The Company periodically maintains cash balances at a commercial bank in excess
of the Federal Deposit Insurance Corporation insurance limit of $250,000.
Stock-based compensation
ASC 718, "Compensation-Stock Compensation" requires recognition in the
financial statements of the cost of employee services received in exchange for
an award of equity instruments over the period the employee is required to
perform the services in exchange for the award (presumptively the vesting
period). We measure the cost of employee services received in exchange for an
award based on the grant-date fair value of the award.
We account for non-employee share-based awards based upon ASC 505-50,
"Equity-Based Payments to Non-Employees." ASC 505-50 requires the costs of goods
and services received in exchange for an award of equity instruments to be
recognized using the fair value of the goods and services or the fair value of
the equity award, whichever is more reliably measurable. The fair value of the
equity award is determined on the measurement date, which is the earlier of the
date that a performance commitment is reached or the date that performance is
complete. Generally, our awards do not entail performance commitments. When an
award vests over time such that performance occurs over multiple reporting
periods, we estimate the fair value of the award as of the end of each reporting
period and recognize an appropriate portion of the cost based on the fair value
on that date. When the award vests, we adjust the cost previously recognized so
that the cost ultimately recognized is equivalent to the fair value on the
vesting date, which is presumed to be the date performance is complete.
We recognize the cost associated with share-based awards that have a graded
vesting schedule on a straight-line basis over the requisite service period of
the entire award.
Dependence on Oil and Gas Prices
As an independent oil and gas producer, our revenue, profitability and
future rate of growth are substantially dependent on prevailing prices for
natural gas and oil. Historically, the energy markets have been very volatile,
and there can be no assurance that oil and gas prices will not be subject to
wide fluctuations in the future. Prices for natural gas have recently declined
materially.
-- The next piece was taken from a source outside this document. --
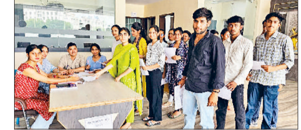
नारनौल। दाखिले के लिए कॉलेज में आए विद्यार्थी।

Any continued and extended decline in oil or gas prices could have a
material adverse effect on our financial position, results of operations, cash
flows and access to capital and on the quantities of oil and gas reserves that
we can economically produce.
Revenue Recognition
We recognize oil and gas revenue from interests in producing wells as the
oil and gas is sold. Revenue from the purchase, transportation, and sale of
natural gas is recognized upon completion of the sale and when transported
volumes are delivered. We recognize revenue related to gas balancing agreements
based on the sales method. Our net imbalance position at October 31, 2012 and
2011 was immaterial.
Consulting Fees
During the year ended October 31, 2011, the Company received Consulting
Fees of $65,698. The Company provided Colorado landman services to a foreign
entity with operations in Colorado. The income was recognized when the services
were completed. All amounts have been collected.
Accounting for Oil and Gas Activities
Successful Efforts Method We account for crude oil and natural gas
properties under the successful efforts method of accounting. Under this method,
costs to acquire mineral interests in crude oil and natural gas properties,
drill and equip exploratory wells that find proved reserves, and drill and equip
development wells are capitalized.
F-8
Capitalized costs of producing crude oil and natural gas properties, along with
support equipment and facilities, are amortized to expense by the
unit-of-production method based on proved crude oil and natural gas reserves on
a field-by-field basis, as estimated by our qualified petroleum engineers. Upon
sale or retirement of depreciable or depletable property, the cost and related
accumulated DD&A are eliminated from the accounts and the resulting gain or loss
is recognized. Repairs and maintenance are expensed as incurred.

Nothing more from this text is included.